Introduction

Cycling is widely recognized as a popular activity in professional and amateur sports. However, due to the repetitive nature and duration of the pedaling cycle, there is an increased risk of pedaling-related injuries, primarily caused by overexertion and fatigue [ 1 - 3 ]. Notably, the neck (48%) and knee (47%) are reported to have the highest prevalence of such injuries [ 2 ].

Fatigue can disrupt the body’s movement and nervous systems, affecting each component of the neuromuscular and musculoskeletal systems responsible for controlling posture. Consequently, such disruptions may lead to various pedaling-related injuries [ 2 , 3 ]. Moreover, various factors, such as changes in pedaling rate, body position and orientation, saddle height, and muscle fatigue, can influence pedaling biomechanics. These factors may ultimately result in alterations in the coordination and variability of joints or segments in the lower limbs [ 3 , 4 ]. Scientific research underscores the importance of coordination among joints or segments during movement for performance enhancement and injury prevention. The timing and coordination of inter-segmental and joint movements are crucial for understanding the etiology of lower limb injuries. It is believed that any inconsistency in joint coupling or changes in coordination variability may predispose individuals to injury [ 5 ].

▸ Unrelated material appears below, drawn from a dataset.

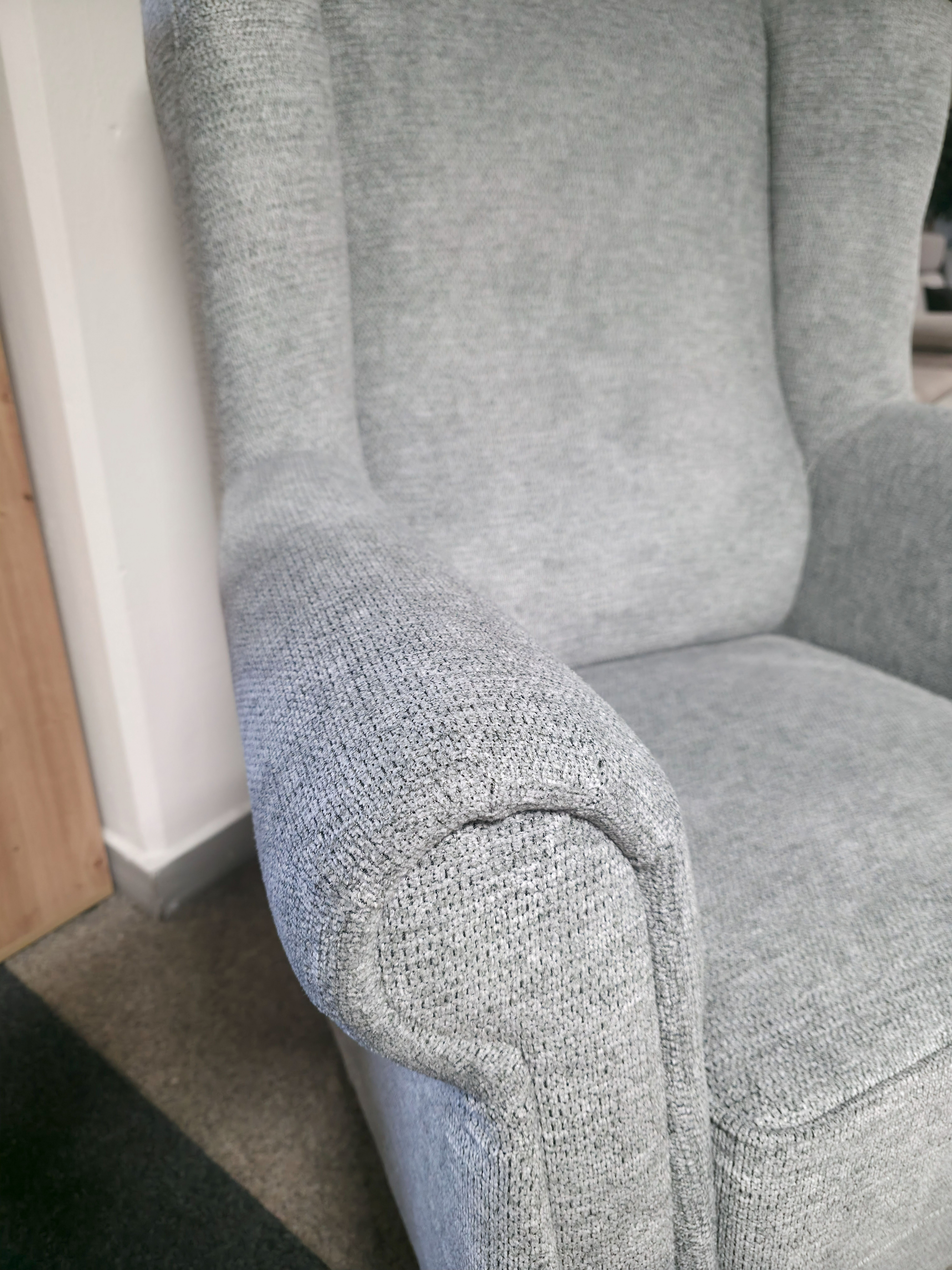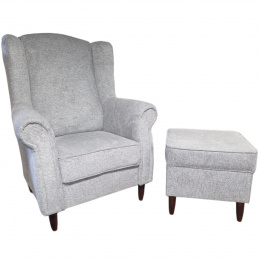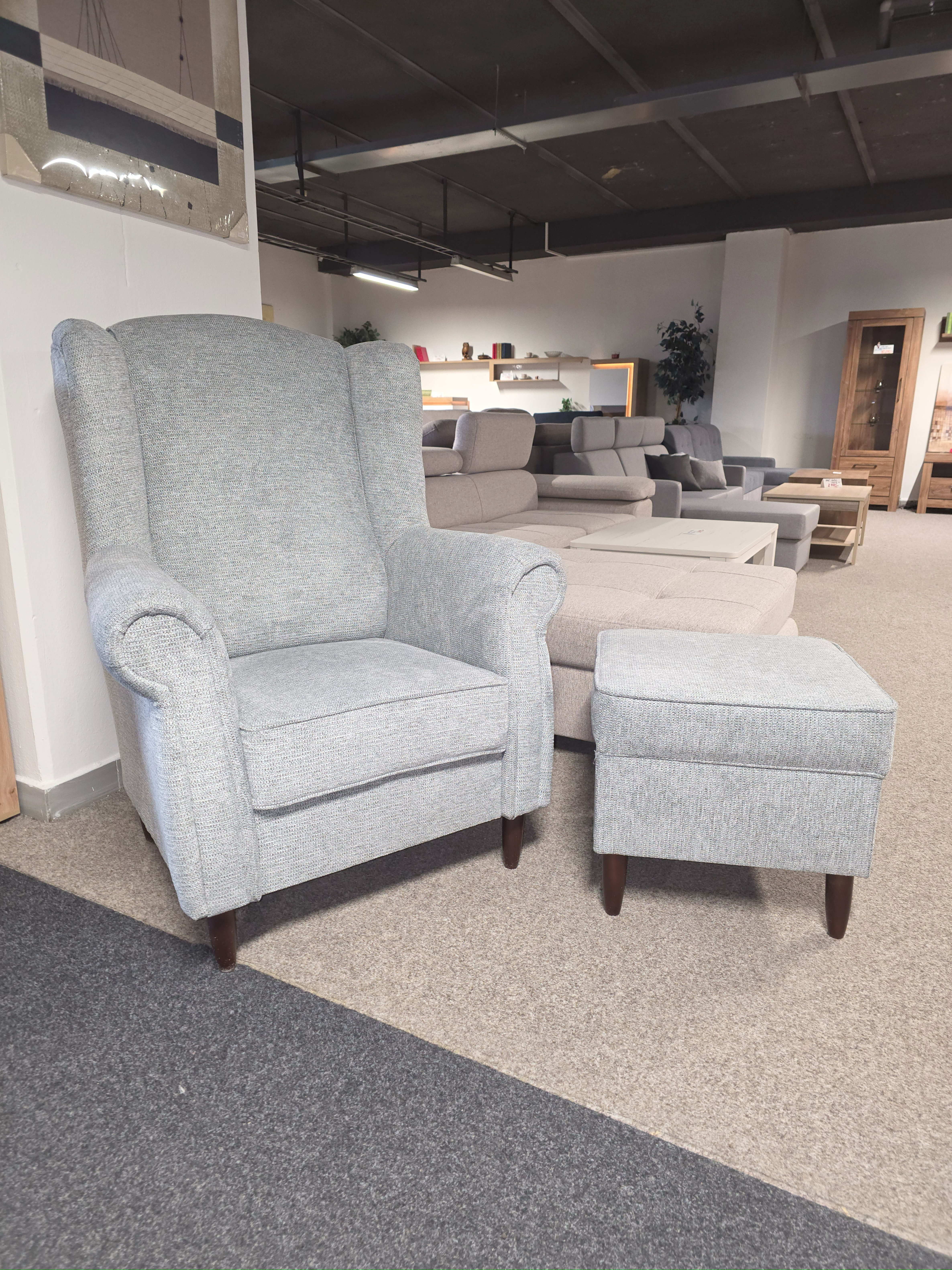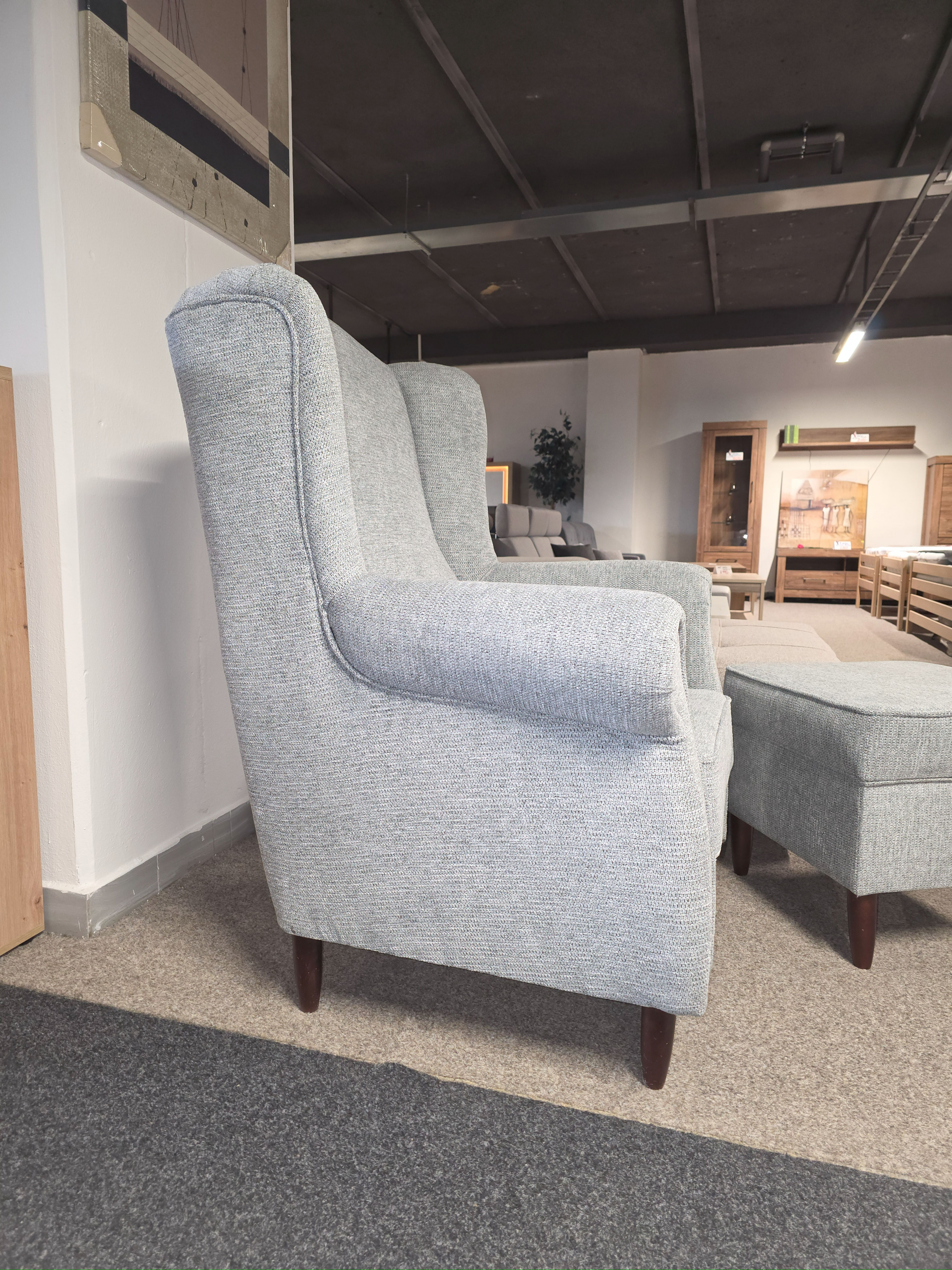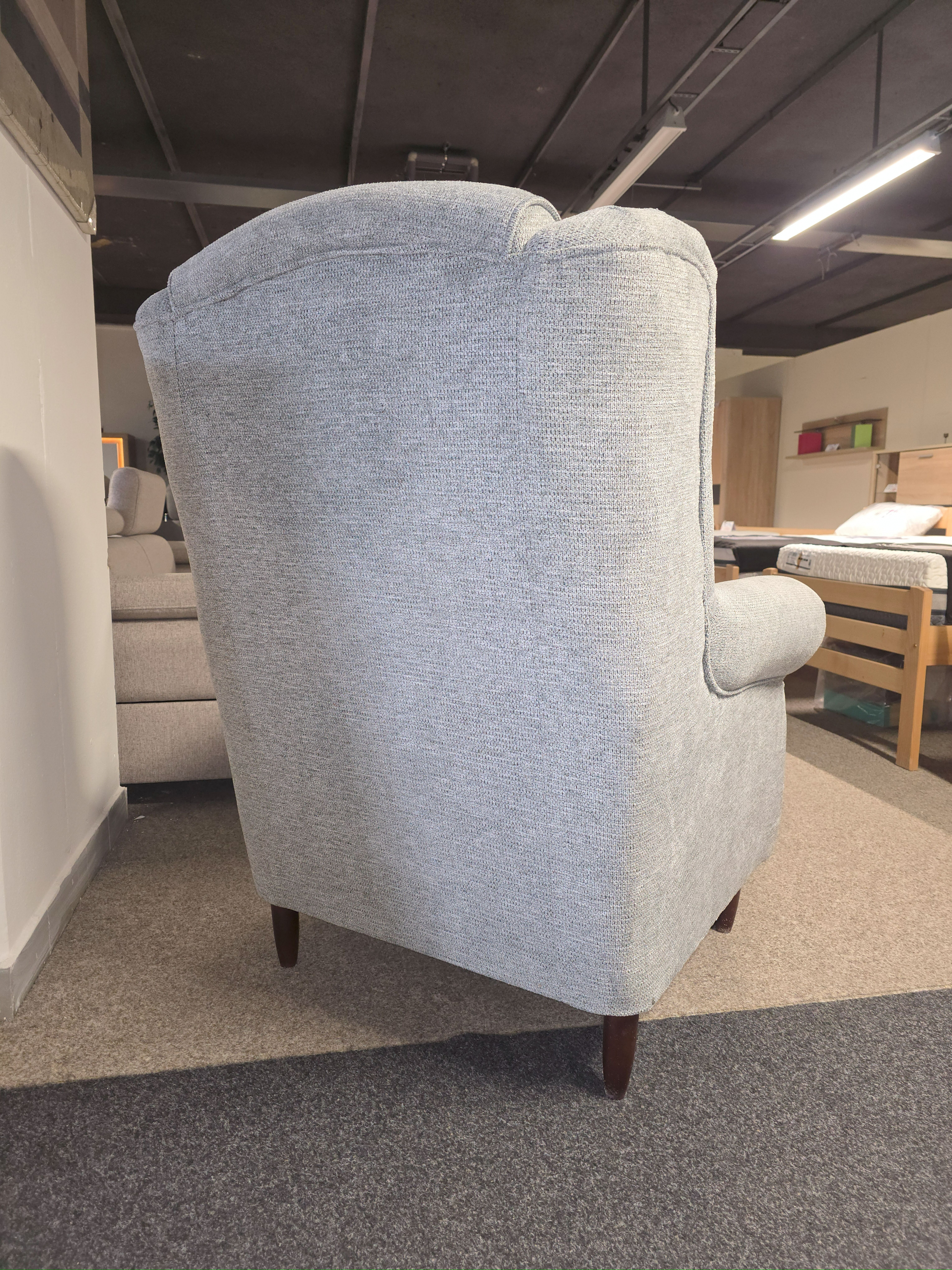Pohodlné, moderní křeslo MELISA. Vhodné do relaxačního, nebo čtecího koutku. Ušák MELISA je očalouněno látkou v šedé barvě - Aragon 90. Nožky jsou ze dřeva mořeného na barvu ořech.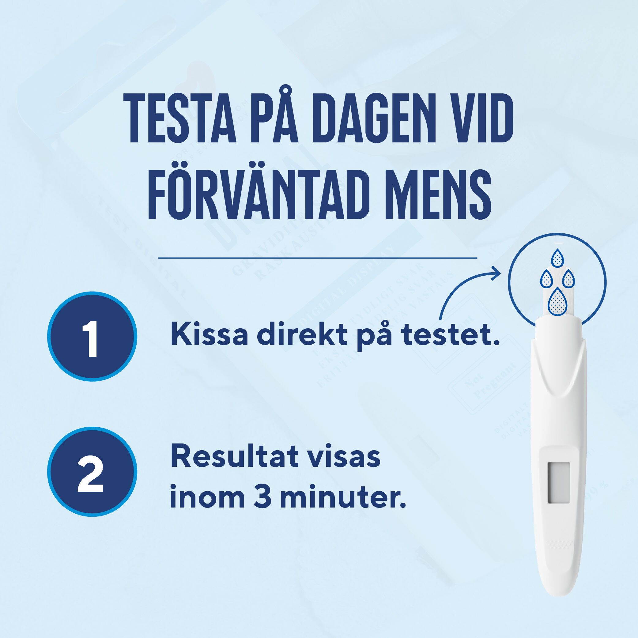 Med RFSU Graviditetstest Digital kan du snabbt och enkelt ta reda på om du är gravid. Det digitala testet ger ett tydligt provsvar med texten ”Pregnant” = Gravid eller ”Not Pregnant" = Inte gravid”. Du kan göra testet från och med den dag som du väntar din mens.

The coordination and variability of joint or segmental coordination indicate the musculoskeletal system’s degree of freedom to select and execute tasks, thereby influencing performance and injury risk. Additionally, analyzing the variability and stability of kinematic parameters during pedaling not only aids in accurately describing muscle training programs but also offers insights into mitigating injury risks associated with excessive pedaling activity [ 1 - 3 ].

Previous research examining the relationship between coordination and coordination variability and overuse injuries suggests that alterations in movement variability may heighten injury risk [ 6 ]. Given the endurance nature of cycling, studying the coordination pattern and variability of lower limb segments can shed light on the system’s degrees of freedom for achieving optimal performance. Identifying risk factors through such analysis can facilitate the development of appropriate training and performance strategies to reduce injury occurrence in athletes and enhance performance through targeted interventions, such as adjustments in training load [ 1 - 4 ].

Proprioception encompasses a broad and intricate spectrum, encompassing components such as joint position, movement, speed, and force application. It plays a pivotal role in shaping the pattern and variability of coordination. Proprioceptive feedback informs the programming of the neuromuscular system for movement control, including the contraction of relevant muscles, thereby contributing to dynamic joint stability. Any factor compromising proprioceptive feedback can lead to mechanical instability, rendering the joint vulnerable to minor trauma. Furthermore, chronic ligament damage in joints can impair proprioception .

Joint position sense specifically refers to the ability to perceive the body’s position in space without relying on visual or auditory cues. Both central and peripheral mechanisms regulate it. Sensory signals are transmitted to the central nervous system via afferent pathways by stimulating various receptors in muscles, tendons, joints, and skin, facilitating the perception of joint status . The majority of previous research has focused on investigating the coordination and variability of lower limb coordination during activities such as running [ 11 - 13 ], walking [ 14 , 15 ], and comparing walking and running on a treadmill [ 16 ]. However, to date, no studies have explored the effects of fatigue on the coordination and variability of lower body coordination in cyclists.

DeMarchis et al. [ 17 ] studied the inter-individual variability of pedaling forces and muscle coordination in untrained individuals. Additionally, Daneshvar et al. [ 18 ] investigated the impact of general fatigue on the degree of coordination and variability between trunk area joints among elite rowers. They reported increased trunk area joint variability as a potential risk factor for professional rowers’ performance, which could lead to various injuries and contribute to back pain among athletes in this sport. In conclusion, given the repetitive nature of pedaling and cycling sports, analyzing pedaling kinematics following functional fatigue can provide insights into the underlying causes of chronic and prevalent injuries in these athletes. Moreover, investigating segments’ coordination and variability patterns can elucidate the degrees of freedom required for optimal system performance.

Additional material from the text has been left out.